As the length of the FE increased, the TR and DI decreased. The edge along the fields may serve as a corridor for migration as well as a refuge during episodes of disturbance. The distance to additional field edges increases vulnerability of invertebrates with low mobility.

The distance to the nearest non-arable space > 1 ha was important to TR but had no significant impact on DI. We did not collect from the nearest non-arable space and cannot say how the TR and DI compared to our study fields. Gonzalez [27] found both forest cover and proximity affected arthropod assemblages in soybean fields in central Argentina.

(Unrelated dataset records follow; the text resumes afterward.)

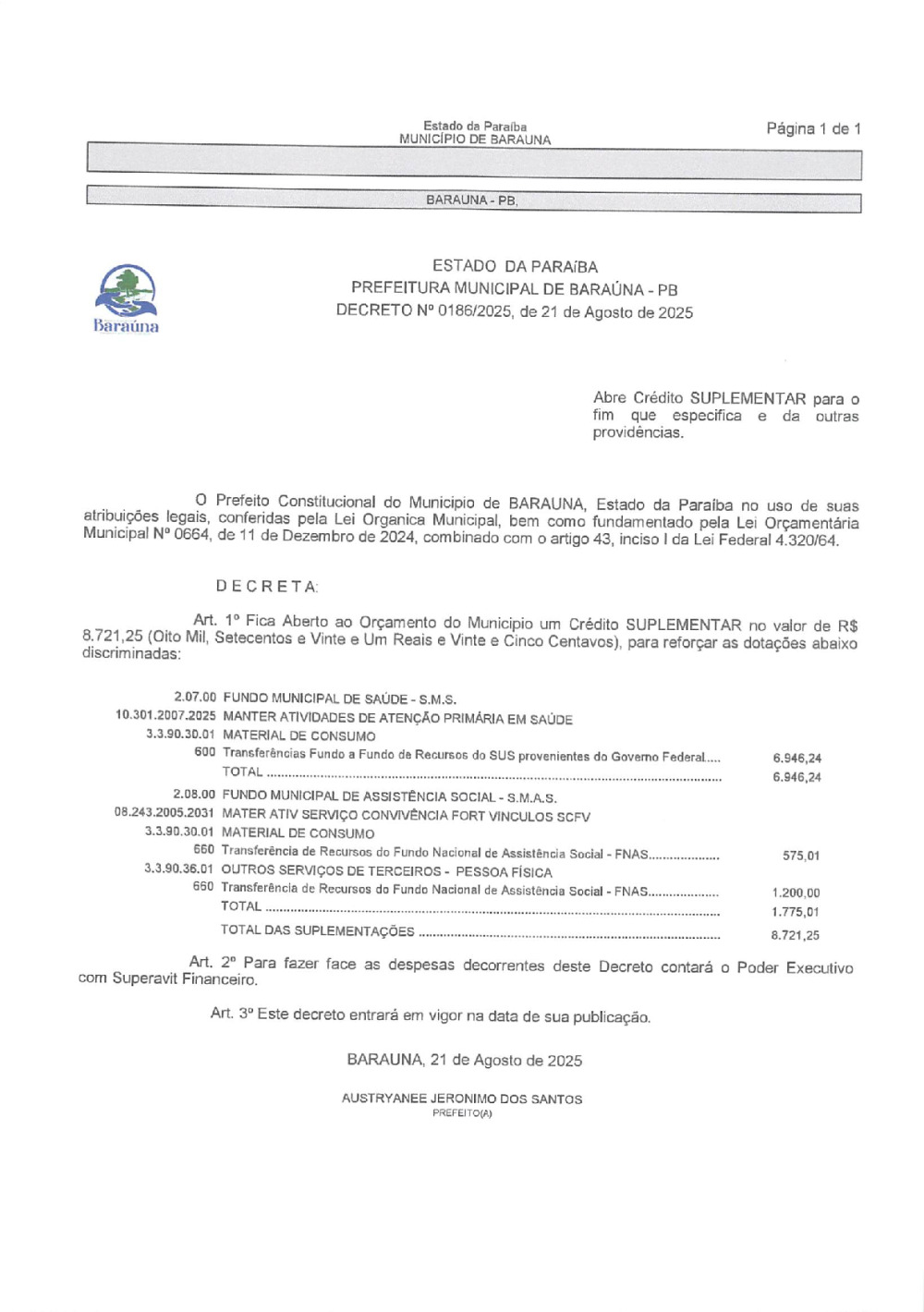 DECRETO Nº 0186/2025 ABRE CREDITO SUPLEMENTAR. - 16 DE JANEIRO DE 2026.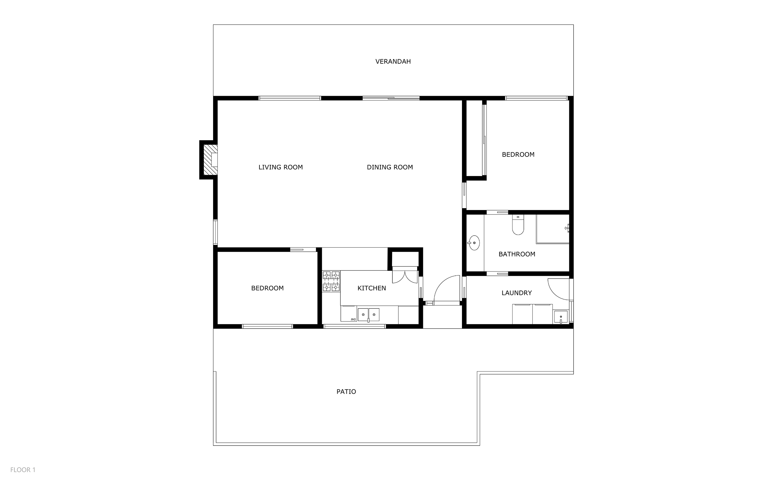 Set on a large, 1/4 acre (1,000m2) block, this 2-bedroom, white-rendered brick home, with floor to ceiling timber framed windows, has an easy and relaxed style of its own.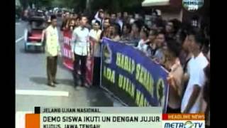 Kudus: Ratusan siswa SMAN 1 Kudus, Jawa Tengah, menggelar aksi demo menjelang pelaksanaan Ujian Nasional (UN) 2013. Mereka mengajak seluruh ...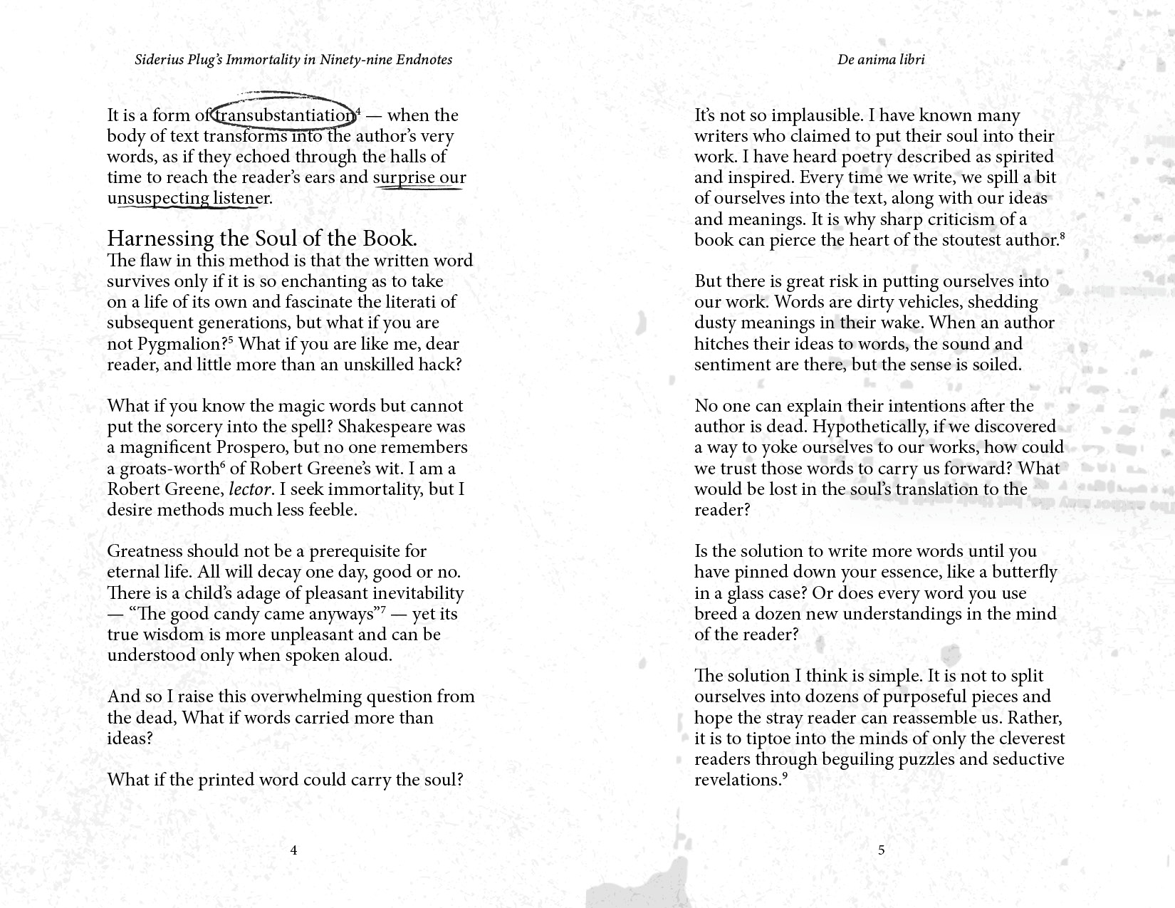 You play by reading. For each page, you must pick one of its endnotes and follow its prompts. Some prompts instruct you to advance your clock at the back of the book, which represents the degree to which you are absorbed in the book. Your goal is to piece together the story without losing yourself in it.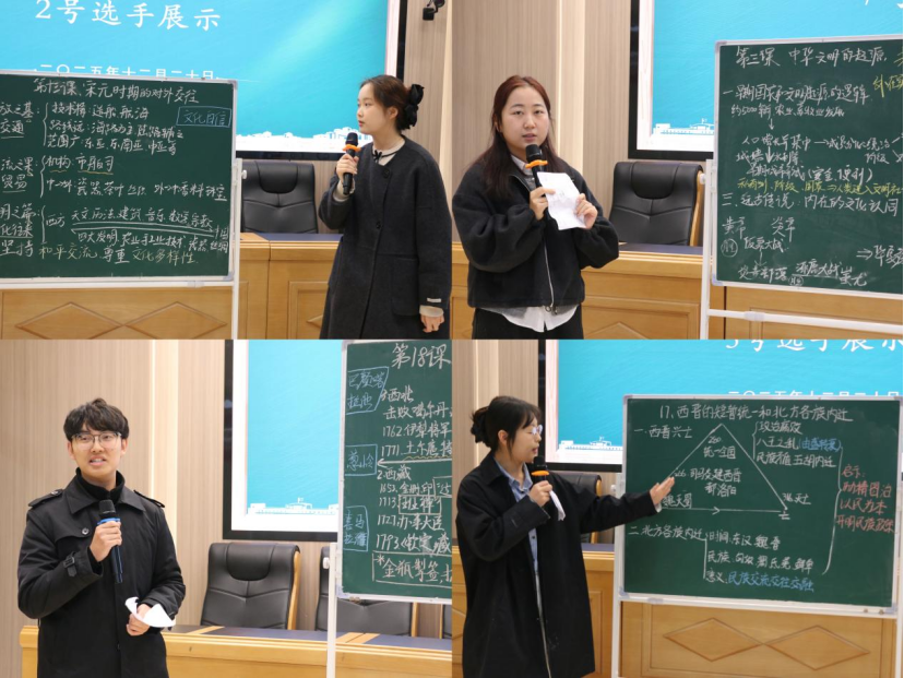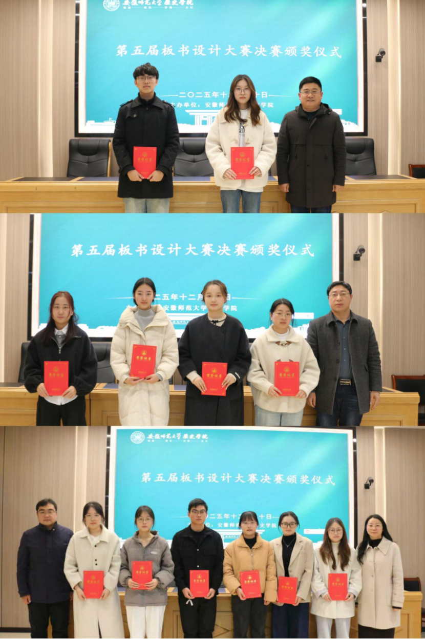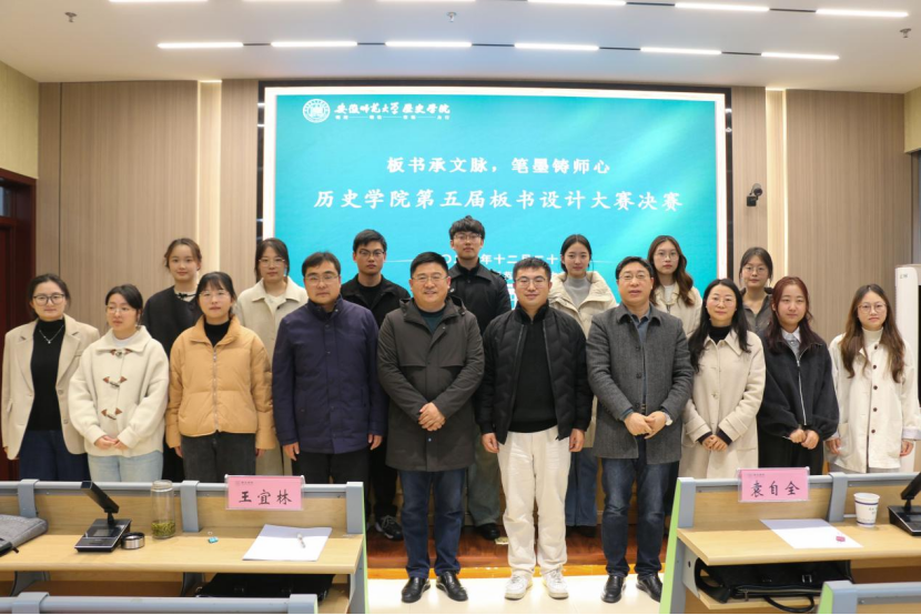 本网讯(历史学院 文/陈睿 图/陈蒙)为切实提升研究生教育实践能力,12月20日上午,历史学院在文典楼B108报告厅举办第五届研究生板书设计大赛决赛,特邀芜湖市第十一中学城东校区副校长袁自全、第十一中学王宜林、南陵中学储蓉蓉、安徽师范大学附属中学李三军等中学历史教学名师担任评委。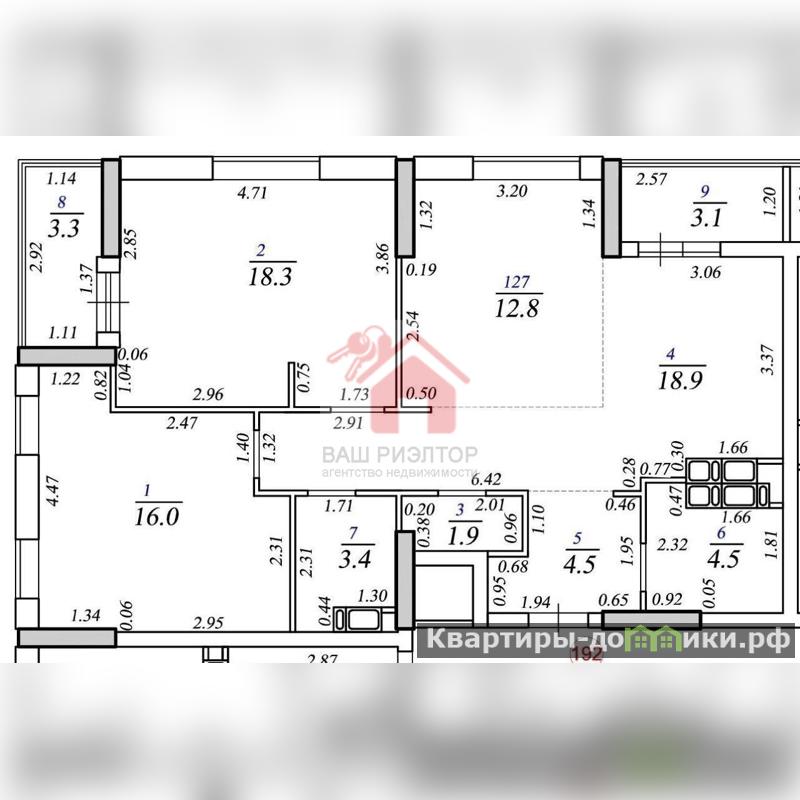 Квартира общей площадью с лоджиями 86,3 кв.м.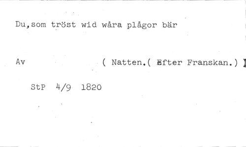 Du,som tröst wid veåra plågor bär //// Av Natten.( äfter Franskan.) ] //// StP 4/9 1820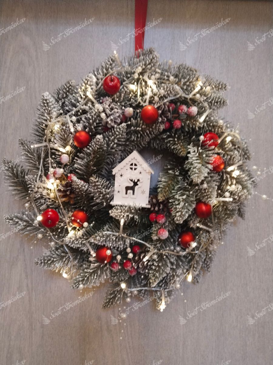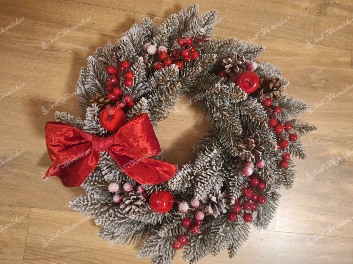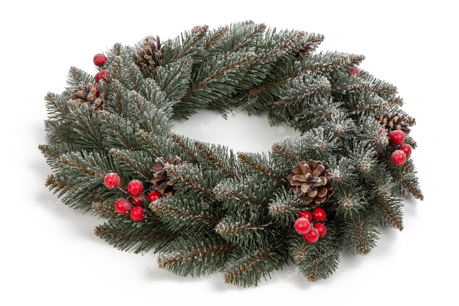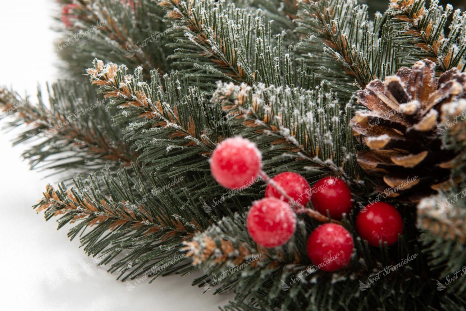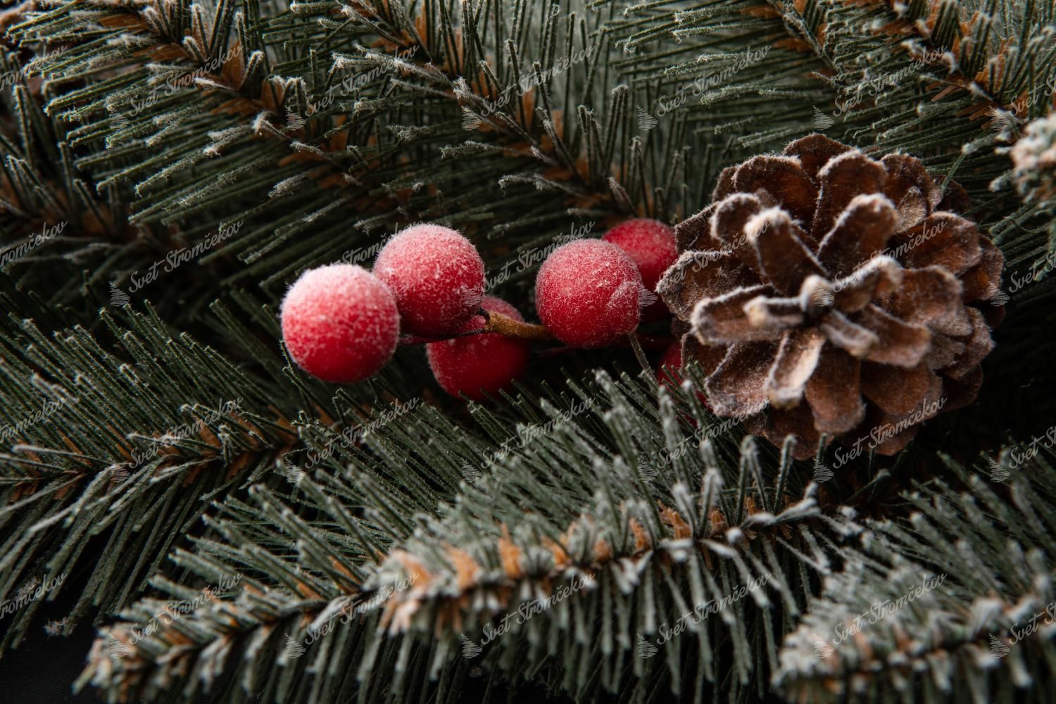 Doar în oferta noastră veți găsi Coronița de Crăciun Molid Cristal unică și exclusivistă. Crenguțele din PVC verde turcoaz sunt înzăpezite cu mici smocuri albe asemănătoare cristalelor de gheață. Această coroniță de Crăciun este completată cu fructe de pădure roșii și conuri reale de pin.
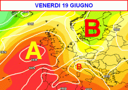 Nella giornata di venerdì 19 giugno (terza cartina a lato), l’estate farà una migrazione sulle Isole Britanniche. L’Europa centrale e la nostra Penisola si troveranno quindi scoperte e soggette ad ingerenze instabili e fresche dai quadranti settentrionali. In altre parole, l’estate stenterà ancora ad imporsi con decisione sullo Stivale.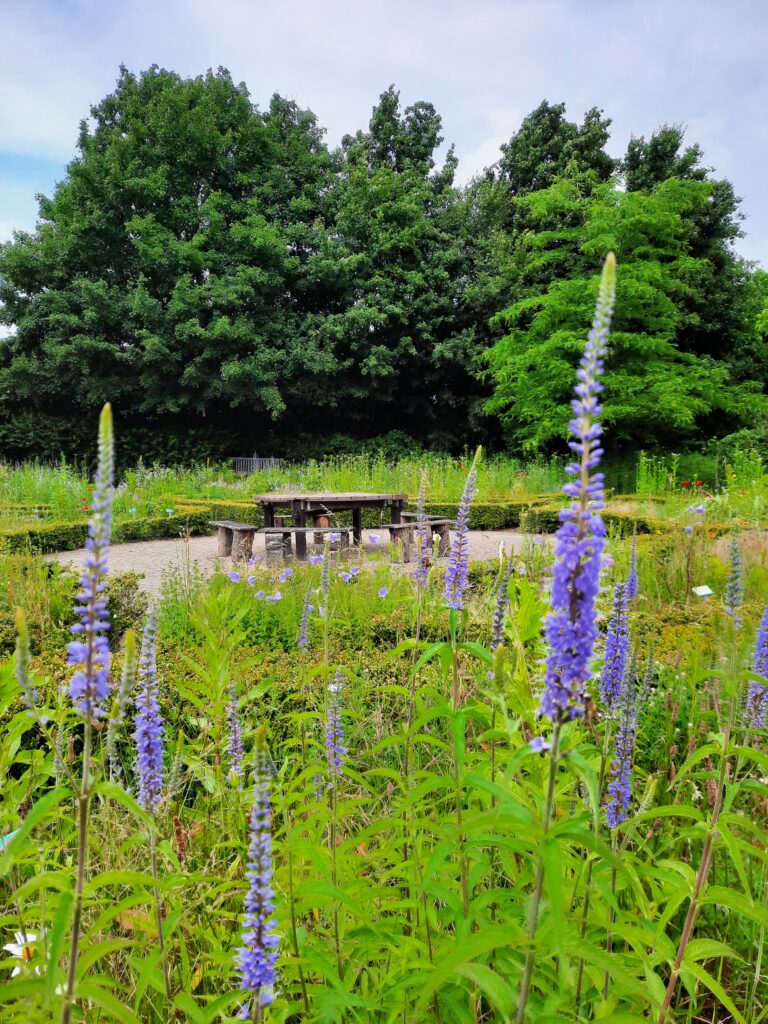 Omgeven door een bossingel vindt u onder andere: Een (cirkelvormige kruidentuin) kruidenwiel met meer dan 100 geëtiketteerde keukenkruiden en geneeskrachtige kruiden, een vlindertuin, een stenen wal met rotsplanten, educatieve percelen met (oude) traditionele landbouwgewassen.

We measured a number of other factors which did not significantly contribute to our findings (Table 2). These included the size of the agricultural field, the width of the FE, the average vegetation height, vegetation standard deviation (sd) and soil type. These were local factors within the agricultural landscape that affect other groups of organisms such as birds [70,71], and mammals [72,73], but not some reptiles [74].

4. Conclusions

Our data indicate that invertebrate diversity responds to characteristics operating at both field and landscape levels. For FI and FE, habitat quality (in our analyses shown as the significance of confounding variables) had multiple effects. Research that considers the agricultural landscape strictly as a mosaic of habitat and non-habitat fails to recognize the utilization and possible enhancement of biodiversity provided by the managed FE since these may have considerable TR and DI of invertebrates. Knowing that landscape complexity is relatively high in some areas of central Illinois as compared to European landscapes, additional investigation is needed to determine whether there are special opportunities to enhance biodiversity in the agricultural landscape of central Illinois. Agri-environment schemes of the European Union have sometimes been shown to be effective in improving biodiversity [75,76]. Keeping the large scale complexity of the landscape that currently exists is clearly an important conservation strategy to preserve invertebrate populations. There seems to be no detrimental effects from an agriculture point of view, because a more complex landscape does not result in higher TR in FI. Planting FE with native plants is an easy step in providing habitat for native insects that could be tested.